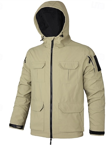 男性用 アウトドアジャケット ハイキング ジャケット タクティカルジャケット アウトドア 防雨 ウィンドブレーカー フリース 冬 秋 純色 トロピカル風 ミリタリー レギュラー ブラック グリーン カーキ色 ダック ジャケット
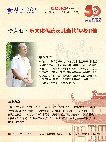 紧接着,李荣有教授从20世纪末文化自觉、文化自信及至文化复兴的背景下,高校中各学科均以创构独具中国特色的理论体系、学术体系和话语体系作为立足之本,但仍处在艰难的跋涉阶段引入今天的主题,然后从“乐”字初义、乐文化传统、当代转化价值三个方面介绍讲座主题。他认为师范学院的音乐专业学子应关注传统,关注大文化背景,找准音乐专业的定位。但是关注传统,并非是要完全回到过去,而是要在基础理论领域找回母语文化的发声点,人人必须敬畏常识,敬畏传统,方能找准定位和方向。
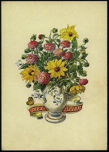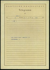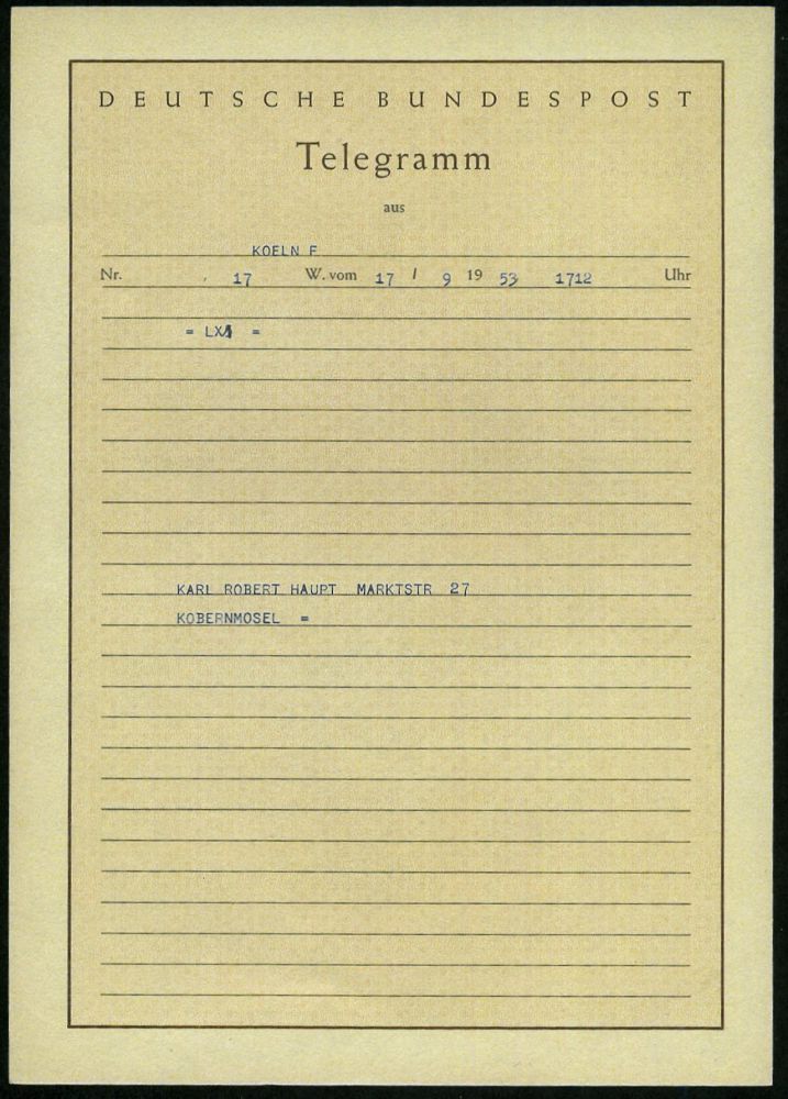 8916 | 16 € | 5000 KÖLN (Allgem. Teil, Tagesstempel, Ganzsachen etc.) : Köln 1953 (14.9.) Schmuckblatt-Telegramm: VIEL GLÜCK = Blumen-Vase mit Schmetterling (rs. Postbote mit Rosen-Strauss) Fern-Telegramm aus Köln n. Kobern/Mosel, gute Erhaltung (C 187 LX 1 / große Schrift) | ![]() ![]() ![]() | |

..............................

TASK GOAL:
Output the material word for word, omitting its pictures.

EXERCISE ANSWER:
 男性用 アウトドアジャケット ハイキング ジャケット タクティカルジャケット アウトドア 防雨 ウィンドブレーカー フリース 冬 秋 純色 トロピカル風 ミリタリー レギュラー ブラック グリーン カーキ色 ダック ジャケット
 紧接着,李荣有教授从20世纪末文化自觉、文化自信及至文化复兴的背景下,高校中各学科均以创构独具中国特色的理论体系、学术体系和话语体系作为立足之本,但仍处在艰难的跋涉阶段引入今天的主题,然后从“乐”字初义、乐文化传统、当代转化价值三个方面介绍讲座主题。他认为师范学院的音乐专业学子应关注传统,关注大文化背景,找准音乐专业的定位。但是关注传统,并非是要完全回到过去,而是要在基础理论领域找回母语文化的发声点,人人必须敬畏常识,敬畏传统,方能找准定位和方向。
 8916 | 16 € | 5000 KÖLN (Allgem. Teil, Tagesstempel, Ganzsachen etc.) : Köln 1953 (14.9.) Schmuckblatt-Telegramm: VIEL GLÜCK = Blumen-Vase mit Schmetterling (rs. Postbote mit Rosen-Strauss) Fern-Telegramm aus Köln n. Kobern/Mosel, gute Erhaltung (C 187 LX 1 / große Schrift) | ![]() ![]() ![]() | |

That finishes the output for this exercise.